Renewables will happen but it's going to take decades before they have a significant impact. As you say too much has to change for them to become the biggest producers of energy in our society today. However they are in the public's eye and that isn't likely to change. So slowly but surely they will be deployed on more buildings over time though it's like going to be fifty or more years before they provide even twenty five percent of our energy. That's because of the cost and the distribution issue.
Gas and nuclear may have similar costs, but they're hardly alike when it comes to environmental concerns.
Gas still produces CO2, and extraction is messy.
Nuclear produces no emissions, and it takes so little uranium to make a plant that the issues associated with mining are small.
Let's focus only on the 13 of carbon emissions in America which are electricity related:
Coal emits 2.1 lbs CO_2-eq per kWh generated. Oil 1.9, nat gas 1.3. Wind, solar, geothermal 0. If we instantaneously switched all 20 quads of energy from coal used to generate electricity to natural gas *tomorrow*, we'd save roughly 10% of our overall carbon emissions (coal is 1/3 of overall carbon emissions used almost entirely for electricity, and switching to gas saves 1/3 (1.3/2.1 ~= 2/3)). So the 10% is nice, but it's clearly not enough.
We've got to do better than that. Additional ways to do better include:
* Improving building envelope (air sealing and insulation) has a substantial impact on both heating and cooling load. Interested in the electricity portion -- focus on the southeast and the southwest explicitly. Work to improve the existing building infrastructure with regard to envelope.

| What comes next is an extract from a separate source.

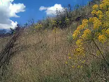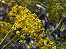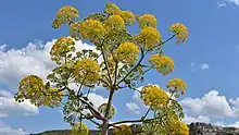 Poison from the roots of Thapsia villosa is traditionally used by fishermen in Catalonia as an ichthyotoxin for stunning fish, making them easier to catch.[9][19] Extracts from the root bark of Thapsia villosa have been used since ancient times as a yellow dye.[8] In the 18th century, yellow dye from the flowers were used to color wool.[8][20] Thapsia villosa are also grown as ornamentals for their bright yellow flowers.[21]

* Strengthen building codes. There's no point in tightening up old buildings if we permit new buildings to be built leaky. This is especially important to do at the Federal level, because (a) most new construction is in the southeast and southwest, not northeast nor midwest, and (b) their Republican governments have shown no interest in passing state laws. Before you go off on a libertarian rant, keep in mind that even if a homeowner was savvy enough to understand the importance of a tight and well insulated home, he would have very little ability to measure/inspect the potential home because seeing through sheetrock is nontrivial. Building inspectors, on the other hand, are looking at the space before finish walls are installed, and therefore have a perfect opportunity to inspect for energy efficiency.
* Follow California's lead in ratcheting up energy efficiency requirements for appliances and electronics. Sure, they won't get it all right the first time -- that's true of just about all engineering projects -- but the overall impact is substantial. It's not just about saving money for customers, it's also about reducing the demand on the grid and at the power stations.
* White/green/solar roofs, particularly in urban areas, particularly in those with more sun exposure in warmer climes. This is a simple building/zoning code change, and it has a tangible impact over time.
* Local renewable. Solar or wind at the home or small commercial level, on site, helps not only reduce demand (from the utility, it appears to be the same thing), but it also reduces the demands on the local grid. This is important because it allows us to hold off on building larger capacity at the local level for as long as possible, a huge savings. Ways to foster this include tax credits, time-variable pricing (solar), and even simply ensuring that net-metering is legal everywhere.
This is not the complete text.